Using the notice externality framework gives us a bigger policy toolbox. Why an 18-month secrecy period for patent filing? Seems easy from perspective of real property—but patent lawyers worry about giving up trade secrets if they don’t get the patent: but who should bear the risk of that, the public or the hopeful patentee?

Logic of externality: internalize the cost, and there are many ways to do that to discourage overclaiming. Think about other resources with social costs: property taxes pay for roads, schools, other costs of occupying land. Maybe cap damages based on declared value of patent, with maintenance fees based on patent value.

Music rights example: people have an incentive to identify rights in music, though it’s very complex in terms of ownership. YT has huge complex database for tracking music composition rights. Then we have linedrawing: what is included in your right?
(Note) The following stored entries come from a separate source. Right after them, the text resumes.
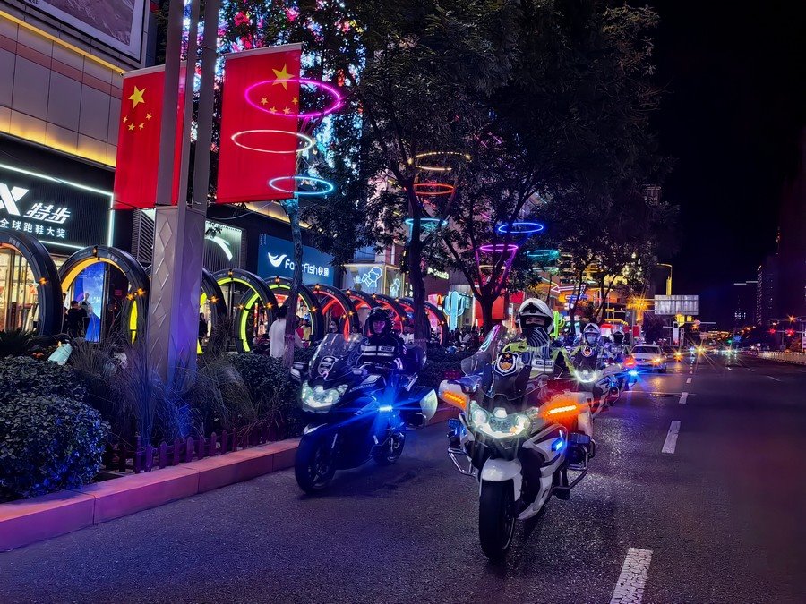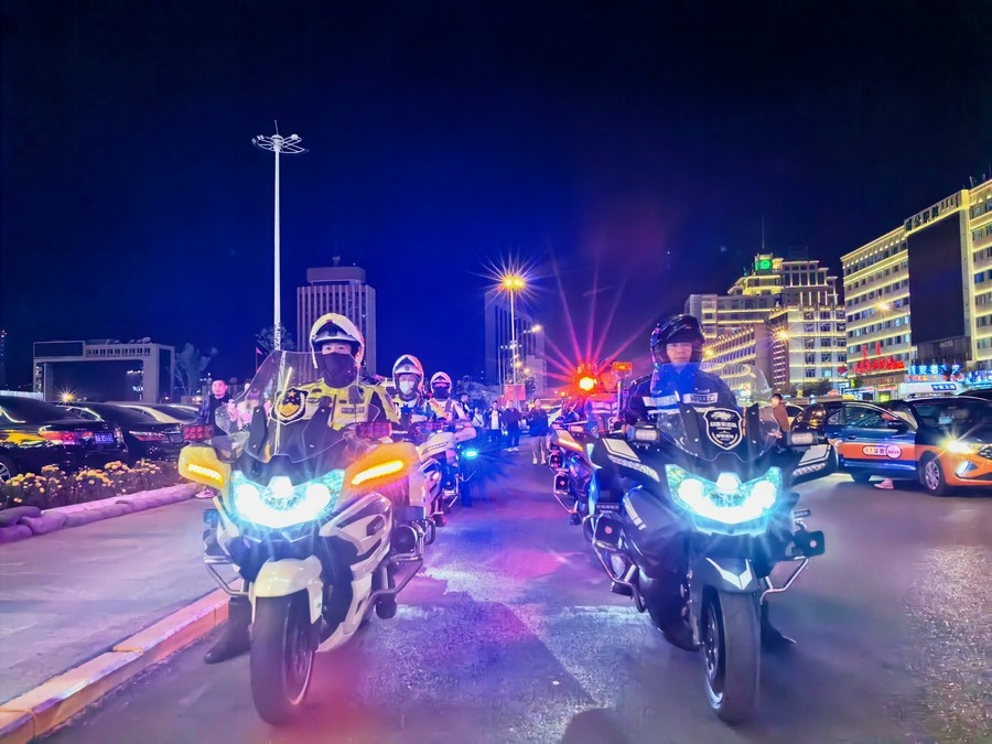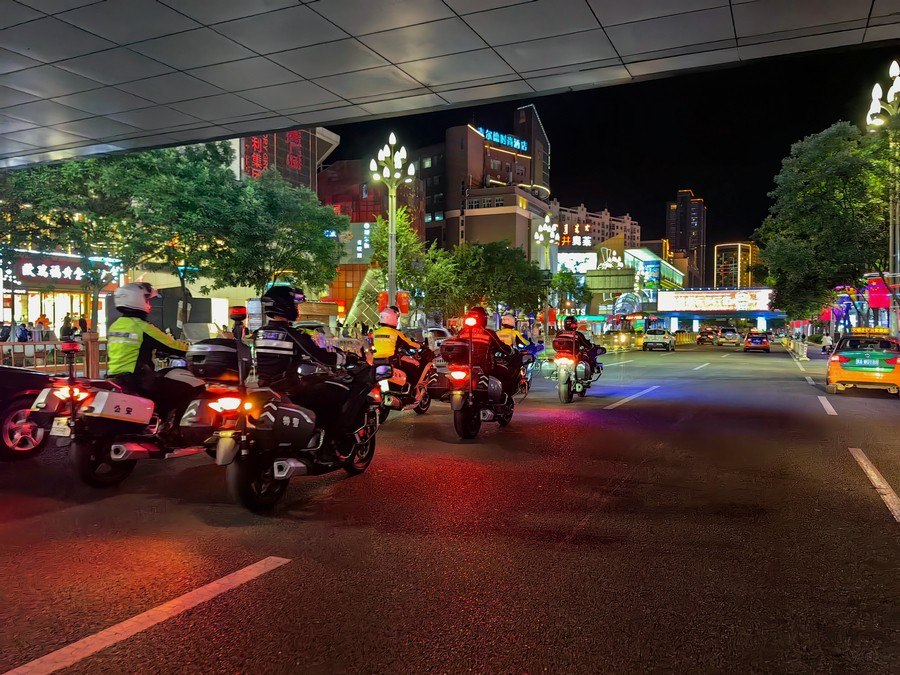 中秋、國慶兩節(jié)期間,呼和浩特市公安局反恐怖和特巡警支隊戰(zhàn)鷹突擊隊與交警支隊停放管理大隊鐵騎中隊,聯(lián)合開展巡邏防控工作,并組成了一支騎警處突機動隊,成了呼和浩特大街小巷一道亮麗的風景線。圖為中秋節(jié)之夜,這支機動隊開展聯(lián)合巡邏,守護青城百姓平安過節(jié)。 王鑫 攝影報道
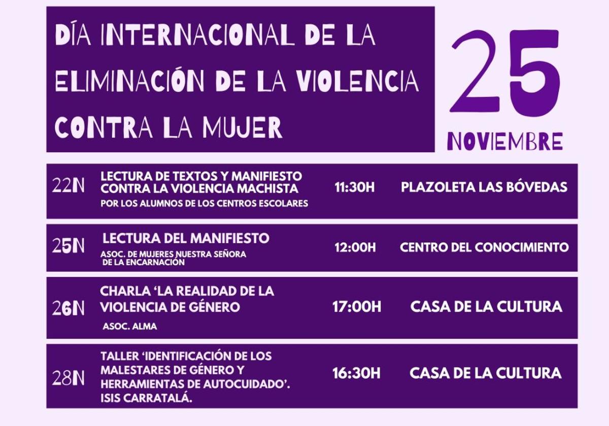 La programación continuará el lunes 25, Día Mundial Contra la Violencia de Género. A las 12.00 horas será la lectura oficial del manifiesto a cargo de la Asociación de Mujeres Nuestra Señora de la Encarnación, en el Centro del Conocimiento. El martes a las 17.00 horas, la Casa de la Cultura acogerá la charla 'La realidad de la violencia de género', a cargo de la Asociación Alam; y el miércoles, a las 16.30 horas y también en la Casa de la Cultura, Isis Carratalá ofrecerá el taller 'Identificación de los malestares de género y herramientas de autocuidado'.
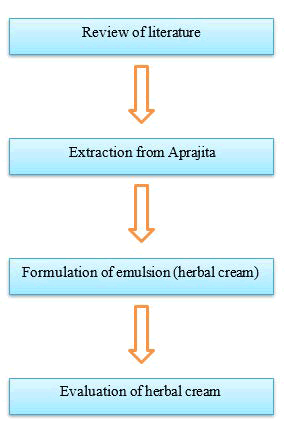 Formulation of herbal cream for anti-aging was successfully developed that met the relevant pharmaceutical characteristics the prepared formulations showed good Spread ability no avidance of phase separation and good consistency during the study period. Stability parameter like visual appearance, nature, viscosity and pH. Of the formulation showed that the rewash no significant variation during the study period, the prepared formulation showed the study period. The prepared formulation showed prepare ph. range that is approximately pH 6.8 is confirms the capability of the formulation with skin. The cream was found to be stable study it can be used as the provision of a barrier for skin. Aprajita contain anti-oxidant property. Anti-aging property of formulated herbal skin cream hay yet to be experiment and will be done in future.
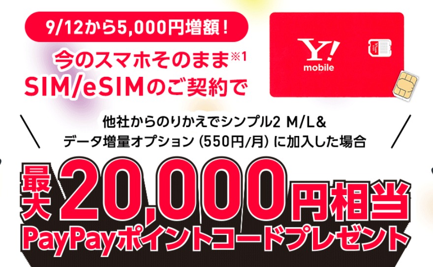 iPhone17シリーズおよびiPhone Airはワイモバイルで動作確認済であり、現在はeSIMのみ契約で最大20,000円相当のPayPayポイントがもらえるSIMカード/eSIMご契約でPayPayポイントプレゼントキャンペーンも実施中です。ぜひこの機会にワイモバイルでeSIMのみ契約を検討してみてください。
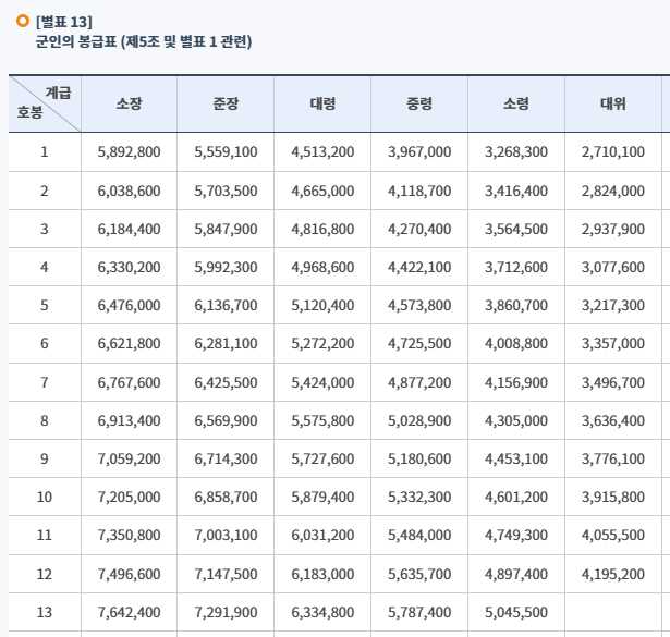 군인 봉급표를 더 자세하게 확인하고 싶으신 분들은 대한민국 누리집 공식 홈페이지에 나와있는 봉급표를 참고하시기 바랍니다.
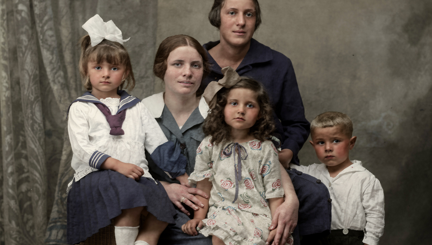 Die Schwestern Anna und Gredi Wolf um 1926 mit ihren Nichten Irma Becker, Käthi Wolf und Neffe Otto. Kurz nach dieser Aufnahme wanderten Irma und Otto Becker mit ihren Eltern nach Chikago/USA aus.
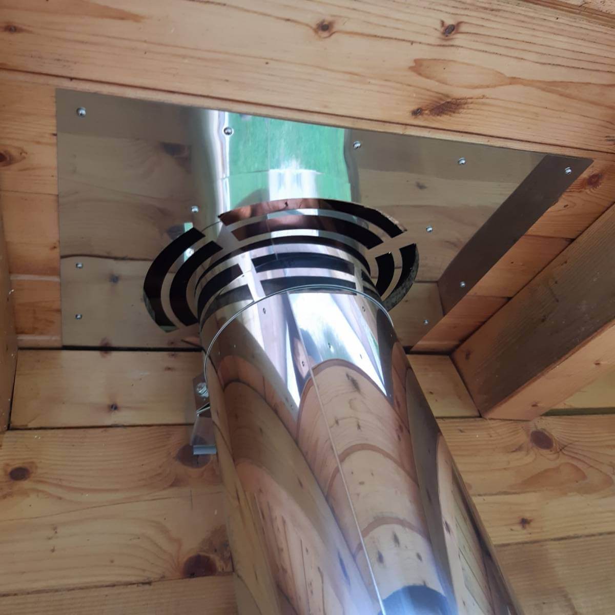 Beim AHRENS Kompakt opti handelt es sich um einen doppelwandigen Edelstahlkamin der für alle Regelfeuerstätten im Unterdruck geeignet ist und auch preislich bei den Kunden gut ankommt. Für die Holzhütte wurde ein Kompakt opti mit einem Durchmesser von 150mm gewählt, der alle Vorzüge der Kompakt-Kaminfamilie in sich vereint: die Dämmung sorgt für schnelle Aufheizung, das funktionale Design aus Edelstahl passt sich in vielen Architektur-Konzepten ein und natürlich ist man mit einem Edelstahlkamin auch unabhängig in punkto Heizart.
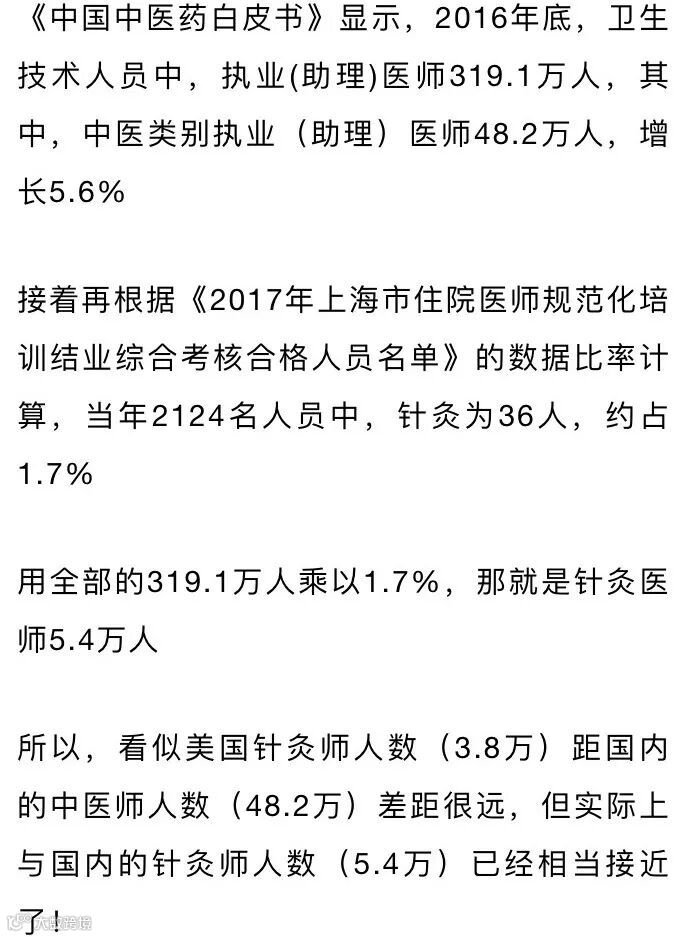因为没有详细国内针灸行业的调查报告,所以我粗略地根据《中国中医药白皮书》和《2017年上海市住院医师规范化培训结业综合考核合格人员名单》进行初步演算

Mark Lemley: wonders about the lottery ticket problem: I don’t know whether this will be valuable or not. Is that bad investment? If it isn’t, how do you deal with uncertain valuation?

Menell: It’s designed to attract capital: go to a VC and say it’s valuable. Or we could change valuation over time, with reissues. People who came in when your valuation was low would be subject to different constraints than those who came in when your valuation was high. Different ways of incentivizing people to reveal value. We do this all the time in our portfolios: we allocate value/risk.

Eric Johnson: Don’t we do it the opposite way now? If you think you have a billion dollar company, you need to do millions of research at the patent office. If you have a tiny company, not so much.

Menell: we should be equal-handed. All of the social cost is borne by non-patentees building successful businesses.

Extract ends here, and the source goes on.